# Pain is Good!!



## w8lifter (Aug 11, 2002)

...and that's an understatement 

*08/10/02 - Training for Yesterday*

*1. SLDL* 90/12, 100/10, 110/8, 120/6, 120/4....120 sec RIMy hams were fried after this lol! 

*2. DB Lunges* 4 sets, 20/12....60 sec RI

*3a. Lying Leg Curl* 50/1+40/7, 40/8, 30/10, 25/10, 25/10...45 sec RI Yes...very fried...I usually can curl 50 for 20 reps. 
*3b. Decline Harrop Curls* 2 sets 5...45 sec RI...I went tanning before training, so I had lotion all over me, plus I was sweating....so I kept slipping down the fuking bench, so I only did two sets of 5  ..won't do that again! 

*4a. Standing Calf Raise* 150/18, 160/13, 175/12....0-45 sec RI
*4b. Standing smith Calf Raise* 3 sets...bar + 25's/20...0-45 sec RI

*08/11/02*

Alright, so I did cardio today, tried to follow Lyle's program, here's what I did.

First meal was @ 8...coffee, protein, cream...coffee was half-caff so I did have some caffeine 

Began training @ 10:45...did 3 minute warm up and 5 minutes kill-yourself-gonna-puke-high-intensity training on the bike....I HATE THE BIKE...it's why I never use it...and let me tell you, 5 full minutes of high intensity on a machine you never use cause you hate it so much, a day after leg day, is worse than being denied chocolate and beer for life!

Rested 5 minutes

Then went to the elliptical for 23 minutes...I know I was supposed to stay for 30, but I was dying....I did notice though that I was able to begin my regular cardio at a higher intensity than I normally would after leg day and using a regular progressive intensity level...I wasn't dragging my ass as much...however, that said, I know my intensity level was only about 75% of what I normally do on a good day.

Immediately post workout I had a can of tuna w/ 2 tsp of flax and veggies.

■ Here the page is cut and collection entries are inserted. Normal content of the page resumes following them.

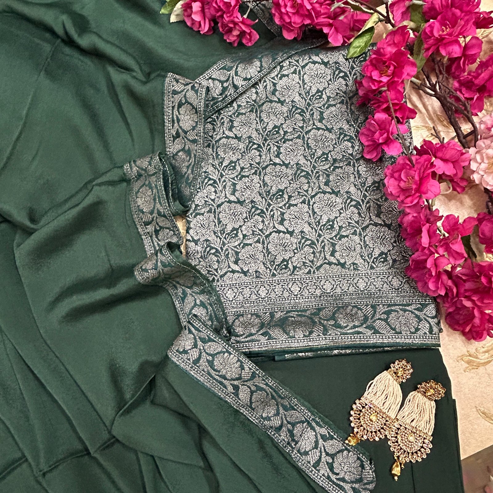 A timeless blend of tradition and elegance, this green brocade suit is crafted with intricate woven patterns that reflect rich craftsmanship. The lustrous fabric adds a regal charm, while the detailed motifs highlight the beauty of brocade work. Perfect for festive occasions, weddings, and cultural celebrations, this suit offers both comfort and grandeur. Pair it with delicate jewelry and classic heels for a complete ethnic look.
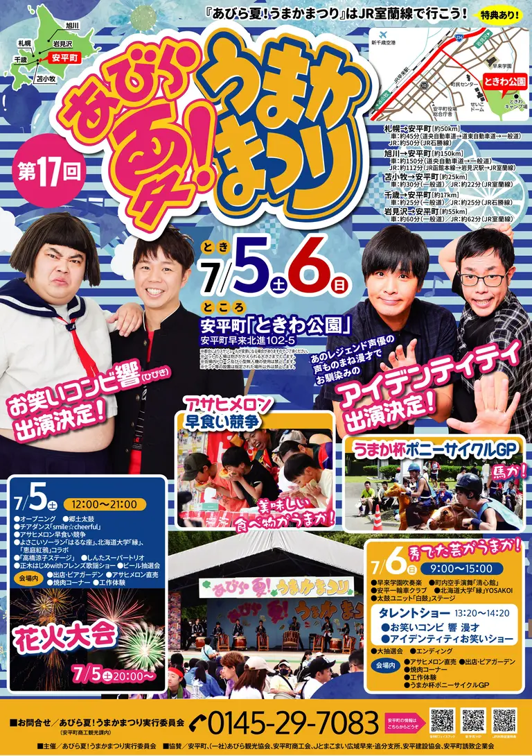 美味(うま)い物・巧(うま)い芸能・馬(うま)産地、3つの“うま”を融合した、安平町の特産がぎゅっと詰まったおまつりです。
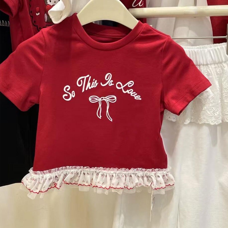 라임 소녀의 여름 세트 새로운 어린이 서양식 편지 스티칭 레이스 반팔 탑 바지
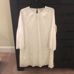 It’s a straight white dress with bell sleeves with a beautiful design. Only worn a few hours for a wedding once.
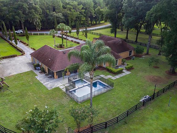 First time on the market! This Elegant Westgate Mini Farm, sits on 3.41 Acres, the custom 4/3 and 1/2 pool home has every upgrade. All new paint inside and flooring, fabulous chefs kitchen with custom cabinets top grade appliances, gas range, quartz cambria counter top and custom lighting. The living space is just beautiful with the new floors, paint and lighting, with great room family room with fireplace, formal dining room. Master bath has new tiled walk in shower, guest rooms have their own baths and a fabulous salt pool. The barn is designed by a horseman with each stalls turnouts and 3 large pastures. Lush landscaping and desired location, this home won't last long.

Oh and I was still feeling drained from my leg w/o by meal 6 last night so I opted for a modified carb up.

Probably nothing to report to Lyle w/ since I'm not doing exactly what he suggests


----------



## Dr. Pain (Aug 11, 2002)

> _*Originally posted by w8lifter *_
> ...and that's an understatement






DP


----------



## Robboe (Aug 11, 2002)

So you're eating pro_fat before and after the cardio and you're not tkaing the L-tyrosine?

That all that's different that i can see.

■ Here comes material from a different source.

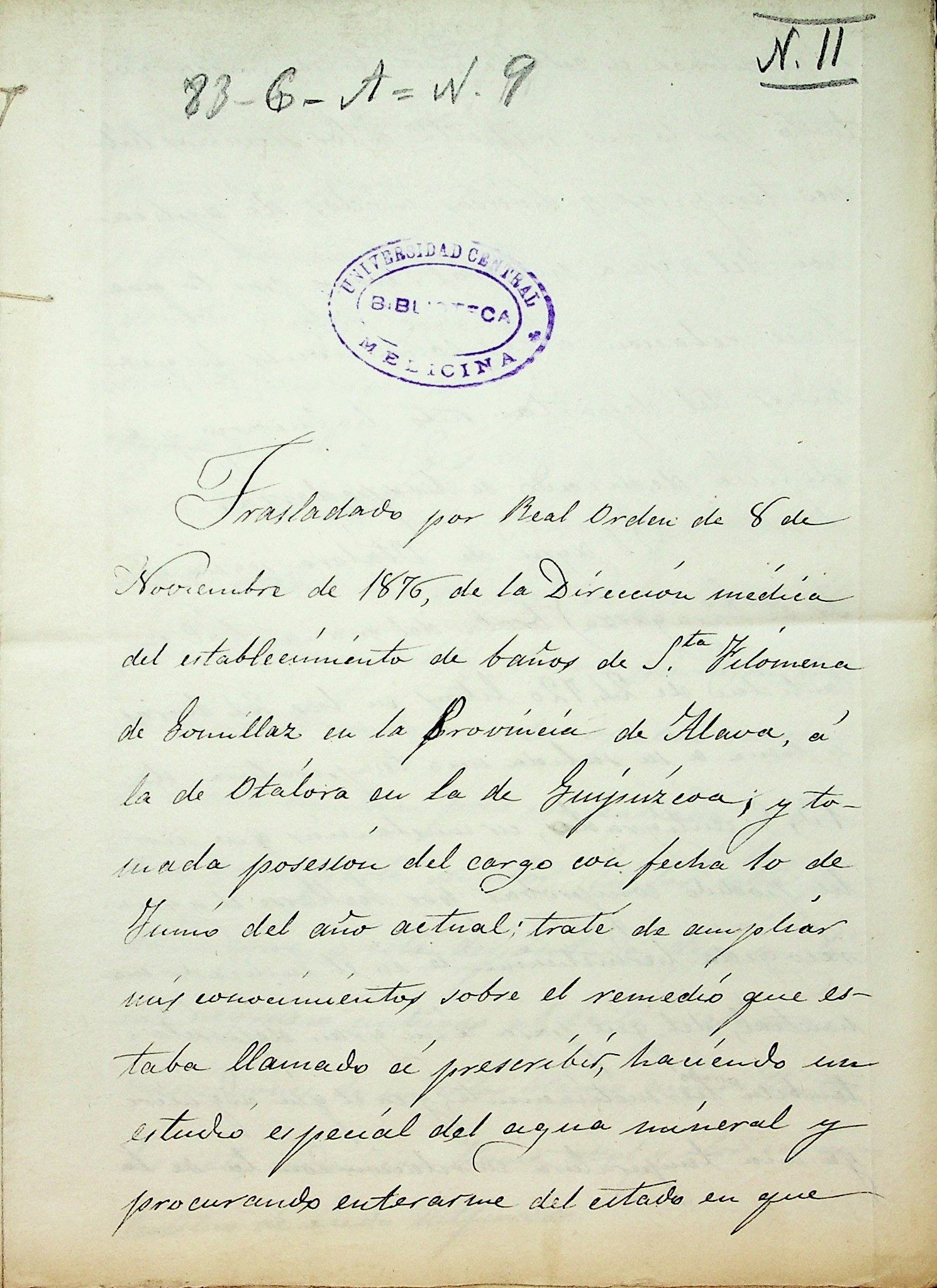 [Memoria de los baños de Otálora, en la temporada de 1877]

It'll still work, i reckon, cause you're still furthering [have i just made that up?] the calorie deficit and elevating your heart rate right up, especially since it almost killed you.

It's all good.


----------



## w8lifter (Aug 11, 2002)

> _*Originally posted by The_Chicken_Daddy *_
> So you're eating pro_fat before and after the cardio and you're not tkaing the L-tyrosine?
> 
> It's all good.



Yes...basically.


----------



## w8lifter (Aug 12, 2002)

*Training*

*1a. Machine Press* Bar+5/12, +7/10, +10/8, +15/6, +5/8, +10/6, +15/4 +15/4...0-60 sec RI....
First four sets to the front, last four sets behind the neck 
*1b. Machine Shrugs* 85/12, 100/10, 110/8, 125/8, 110/8, 100/10, 85/12...60-150 sec RI

*2a. Upright Rows* 45/10, 55/8, 60/6, 60/4...30-90 sec RI
*2b. DB Side Laterals* 15/10+12/6, 15/8, 15/8, 15/7+10/15....0-60 sec RI

*3a. Bent over Laterals* 17.5/10, 17.5/10, 17.5/8+15/6, 17.5/8+15/5....0 sec RI
*3b. Decline Crunch* 50, 35...60-90 sec RI...First set str8, second set w/ a twist. 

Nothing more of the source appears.